The problem is that the only place that I know of that sells Aviation Oxygen in The Netherlands (Hugen Aviation Oxygen), is a long drive, so I'm a bit disappointed that I can't use my local dive shop...

I would think: Oxygen = Oxygen, but apparently that is not true...

Is there any specification on how much H2O is allowed for the MH Oxygen system?

Why would it be more likely to freeze in aviation than diving? I assum your cabin is not running at a sub zero temperature?
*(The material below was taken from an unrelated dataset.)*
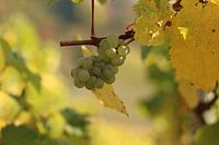 Mooie witte druiventros aan de wijnstok in de druivenboomgaard in Saarburg (Duitsland).

Wouldn't freezing be more related to the expansion of the compressed gas which happens in both applications?

EGTK Oxford

There is zero water in modern oxygen.

Well, there are tiny impurities - of the order of 0.1 to 0.01%. I spoke to British Oxygen about this and they gave me the figures, and they are all the same for

Welding oxygen
Food fresh oxygen
Medical oxygen
Aviation oxygen

Only the paperwork (and maybe quality supervision) differs.

The manufacturing process is the same nowadays - cryogenic with some variations (example).

Don't confuse this with "oxygen concentrators" (also discussed in this forum) which pump air through zeolite and remove most of the nitrogen, which is OK for altitude breathing but AFAIK most of the water vapour remains, and so do all other gases.

I use welding oxygen, and have been since 2003, with Aerox, Precise, and now Mountain High. The reason I use it is because I can get the cylinder swapped for a new one by a local welding gas depot, no questions asked. I also get argon gas from there for TIG welding (really expensive stuff).

"Freezing" is nonsense anyway. The equipment is in your cockpit. The 1st stage regulator cools a tiny bit; maybe a few degrees C.

Administrator
Shoreham EGKA, United Kingdom

I was thinking the same, Jason. Also: If diving oxygen would contain more oxygen, then why aren't the steel bottles corroding on the inside?